A great example of this is Kevin Paffrath, aka “Meet Kevin.” Paffrath is a YouTube star who, according to The Wall Street Journal, made $22 million in 2021 alone promoting all kinds of shiny portfolio ornaments —like FTX. Paffrath is like an old-school stockbroker on steroids. But the wealth destruction he causes is vast and mostly affects people who can least afford the losses.
Watch this smirky punk dance around his disclaimers in a YouTube video (I particularly like how he emphasizes SEC in yellow) to promote his new idea—an innovation ETF with “AMAZING” tax benefits. Sound like Cathy Wood’s ARKK fund? Yep. Here’s the link: *JUST* Invested $1 Million into THIS Stock.
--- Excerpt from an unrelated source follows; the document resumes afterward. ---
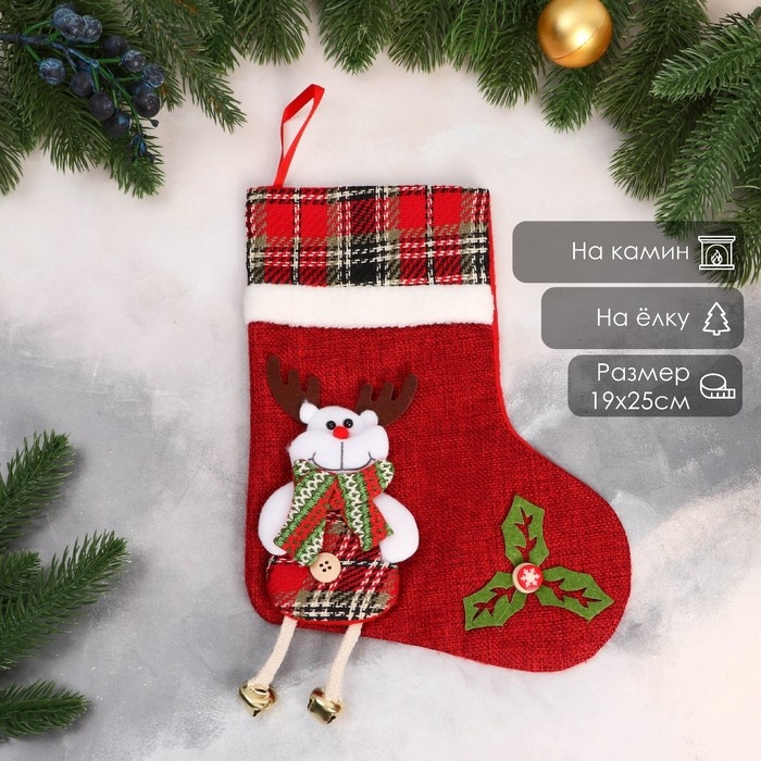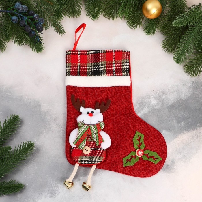 Носок для подарков "Лосяш с длинными ножками" 19х25 см, красный

The video is exhausting. I tried to watch it and had to stop after about five minutes. Especially when Kevvy secured the symbol for his new ETF and actually said, “In this video I’d like to explain why I’m launching my PP.” My head was ready to explode, and I still need my head. Have I used the word “immature” already in this article? WTH is going on with our culture!?
Enough of the madness
I know some of the reasons we gather during the holidays are to enjoy family, renew friendships, and consider deeper meanings to our life (love, religion, spirituality, charity, and so on). We’ve pretty much all had it with discussing Covid and politics, right?
But if you find the opportunity, why not talk about the destruction social media influencers can—and do— have on the younger generations? It’s not just the financial hucksters, but all of those who elevate materialism, fear of missing out, envy, and greed ahead of common sense, humility, and living a truly meaningful life.
Everyone at Equius wishes you and yours a healthy, prosperous, and loving New Year. Merry Christmas and Happy Holidays from the Equius Team!